C’est le peuple de l’Europe qui a l’imagination la plus forte, la plus sensible, les romans les plus intéressants et les plus variés, et le théâtre sinon le plus châtié, peut-être le plus attachant.

Vous avez appris l’italien pour l’Arioste, le Tasse, Métastase, Goldoni, etc. Vous êtes à la fois un sage et un homme de goût, et vous n’avez point appris l’anglais, je ne dis pas pour Locke, Newton et tant d’autres, mais pour son Milton, sublime dans ses beautés, étonnant dans ses écarts mêmes, frais et touchant comme Homère dans ses détails et ses descriptions ; vrai poète épique à qui nous n’avons rien à comparer ; moins fécond peut-être que l’inépuisable Arioste, moins régulier que le Tasse, et peut-être aussi plus grand qu’eux deux. Vous ne l’avez point appris pour son Thompson[1], ce chantre aimable des « Saisons » ; majestueux et riche comme la nature qu’il peint en maître, digne de s’asseoir au pied du trône de son Créateur, dont le souffle divin semble l’avoir inspiré. Heureux agriculteur, vous foulez avec complaisance les champs cultivés par vos soins[2] ; Virgile à la main, vous vous appliquez à vous-même le fortunatos nimium, et vous n’avez jamais fixé vos yeux attendris sur les vers de Thompson !… Et Pope, si sage et si brillant, n’a pas porté dans votre âme, avec la douceur de son chant, celle de sa doctrine, dans ces moments où l’âme la plus paisible soupire

  1. Nous avons déjà remarqué (lettre 267) que Madame Roland écrit Thompson pour Thomson.
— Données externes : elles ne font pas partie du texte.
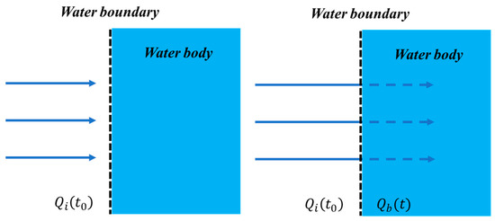 In this study, the water level change is not considered when performing the boundary condition setting of the water body, which is regarded as an open boundary; thus, there is no need to consider the water flow inside the building boundary during the boundary condition setting. Standing water enters the water body through other boundaries, and the model needs to accurately describe the magnitude of the standing water flow at the inlet and its time-series to reflect the actual precipitation or surface runoff. Once standing water enters a water body, the total capacity of the water body and the potential risk of overflow need to be considered, even though the water level remains relatively stable. Diffusion equations within the water body should also be included to depict the distribution of standing water in the water body. The method can ignore downstream boundary conditions and deal with the subsequent flow or dispersion of standing water. With this setup, the model is able to efficiently simulate the spreading behavior of standing water in urban environments, providing important information about the direction of the standing water flow and spreading patterns under long-term average conditions, even without tracking the instantaneous water level changes [59]. This simplified approach is suitable for scenarios where the impact of standing water needs to be quickly assessed; however, the impact of water level changes on the spread of standing water needs to be reassessed in the face of extreme precipitation or the near saturation of the water body. The interaction of the water body boundaries with standing water is shown in Figure 8.
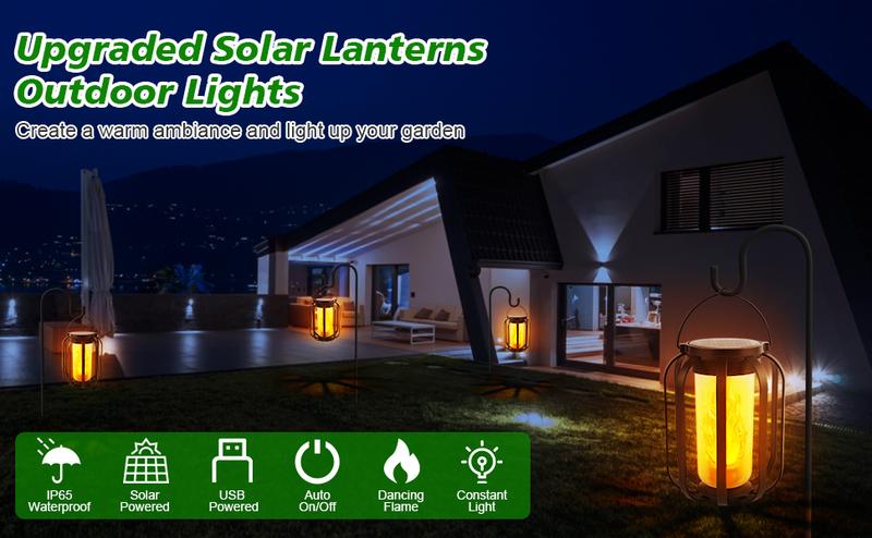 【All Weather, Rugged and Durable】The outdoor waterproof performance of the solar lantern can withstand bad weather, no more worry about rain, snow, frost or sleet, perfect for outdoor use. Compared with other outdoor solar lights, our outdoor lanterns are made of high-strength ABS material with sturdy construction, which ensures the long-lasting performance of these hanging solar lanterns.
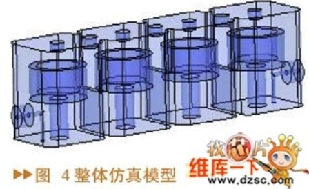 通過與前面計(jì)算的耦合系數(shù)理論值的比較,可以選擇合適的耦合孔及耦合螺釘?shù)某跏贾到⒄w仿真模型(圖4)。一般這種初始值進(jìn)行整體仿真的結(jié)果與期望的濾波器指標(biāo)有一定的偏差,通過調(diào)節(jié)耦合螺釘?shù)纳疃取⒓?lì)的位置以及頻率調(diào)諧螺釘?shù)纳疃瓤墒篂V波器達(dá)到期望的指標(biāo)。
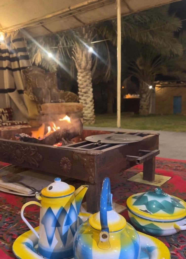 جلسنا نتناول الشاي والقهوة، ونتسامر حديثًا وضحكًا، في جلسات سمر دافئة تحيطها الفعاليات اللطيفة ورائحة الحطب التي تزيد المكان جمالًا على جماله. مضى الوقت من دون أن نشعر، حتى حان موعد العشاء، ثم ودّعنا هذا اليوم الجميل بإقفال المزرعة وانطلاق كلٍ منّا إلى بيته.
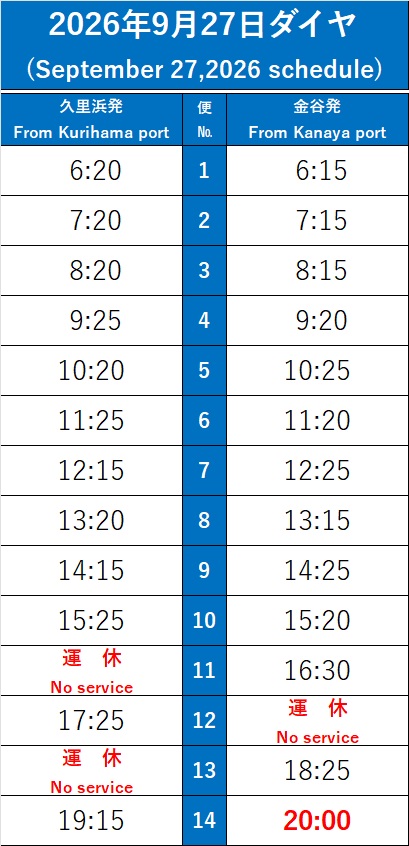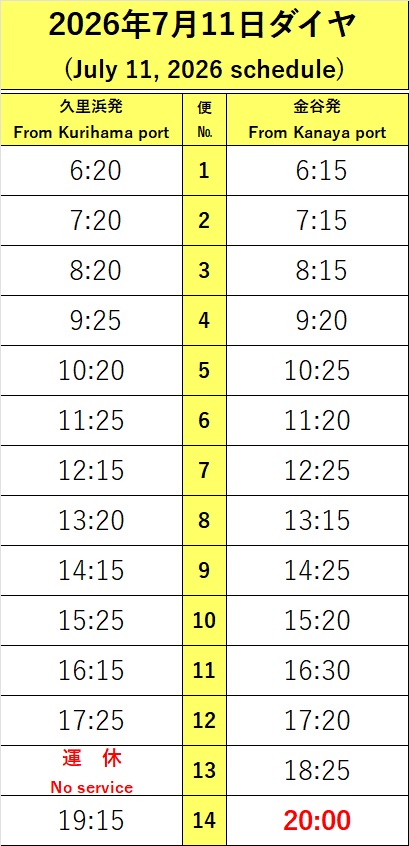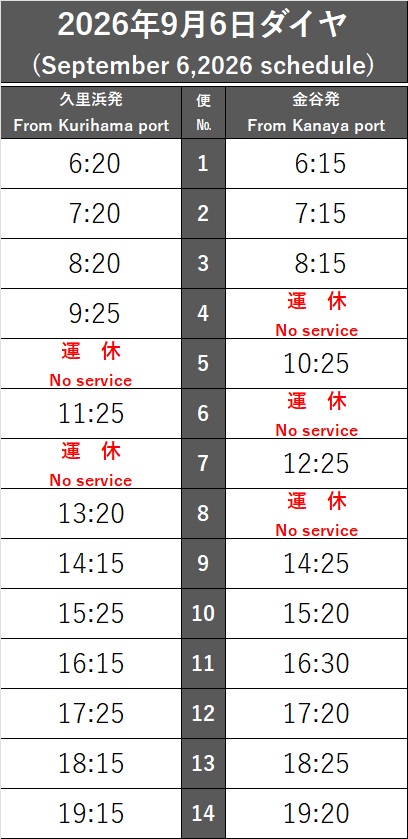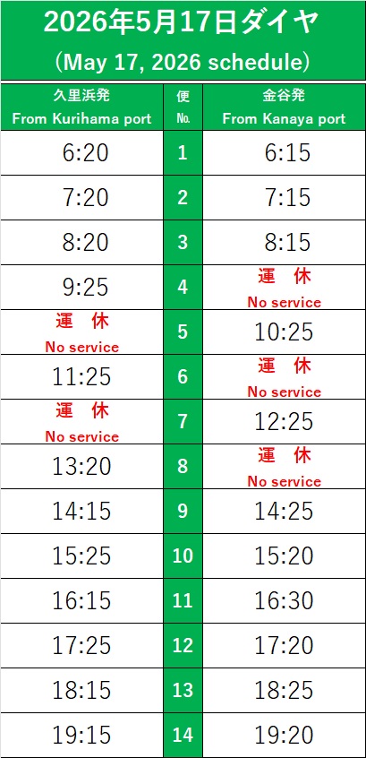 日付下に記載のダイヤにて運航いたします。
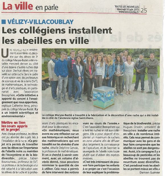 Inauguration d’une ruche construite et décorée par les élèves du collège Maryse Bastié (Juin 2015)
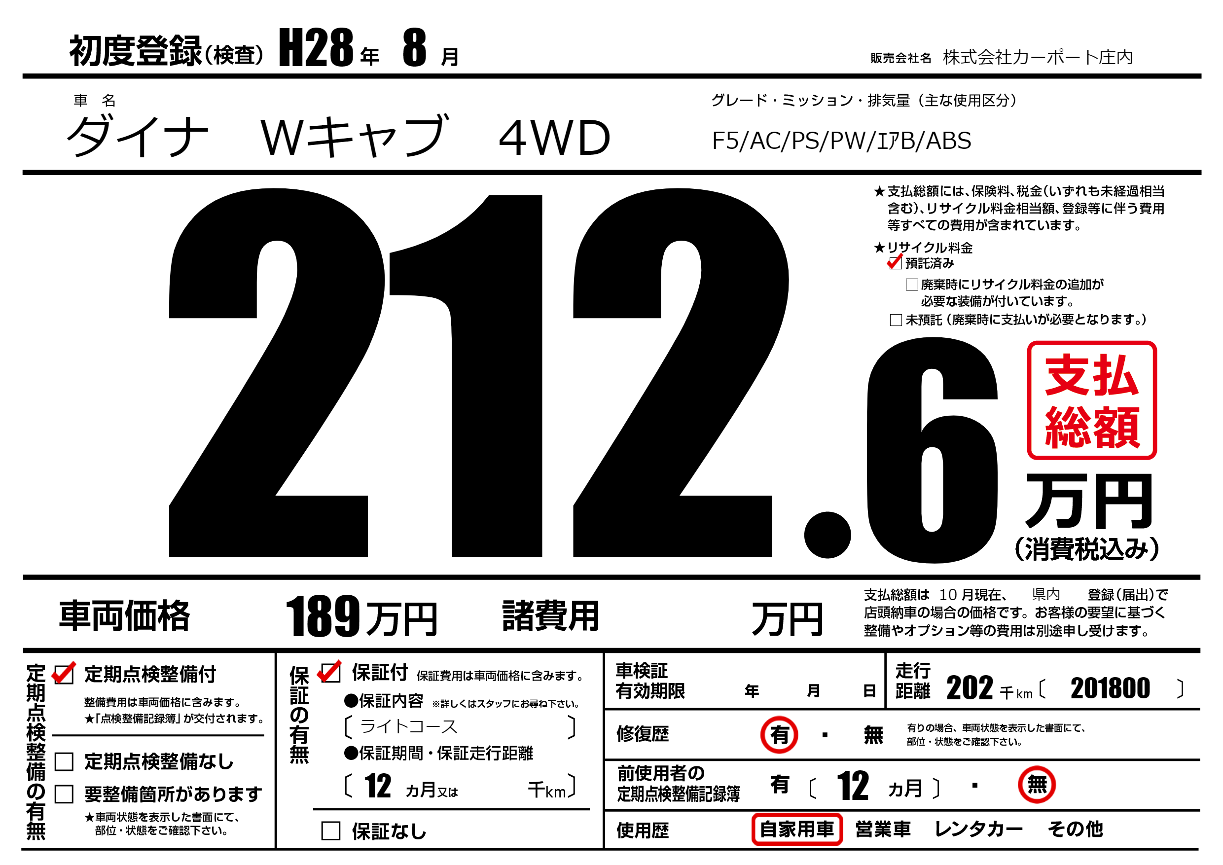 | 走行キロ | 20.2万km | 初年度登録 | H28年8月 |

  2. Varenne de Fenille était grand propriétaire en Bresse. Il avait travaillé activement au développement de pépinières du pays (voir Ph. Le Duc, passim). À Bourg, il habitait l’hôtel de champdor (ancien hôtel de Choin, d’où était sortie au siècle précédent la maîtresse du Grand-Dauphin), où vécut depuis Edgar Quinet enfant. Il avait accensé les fossés de la ville de Bourg, contigus à son hôtel et à son jardin, et en avait fait un « jardin anglais », célèbre alors dans la région, mais dont il ne reste aujourd’hui que quelques vestiges.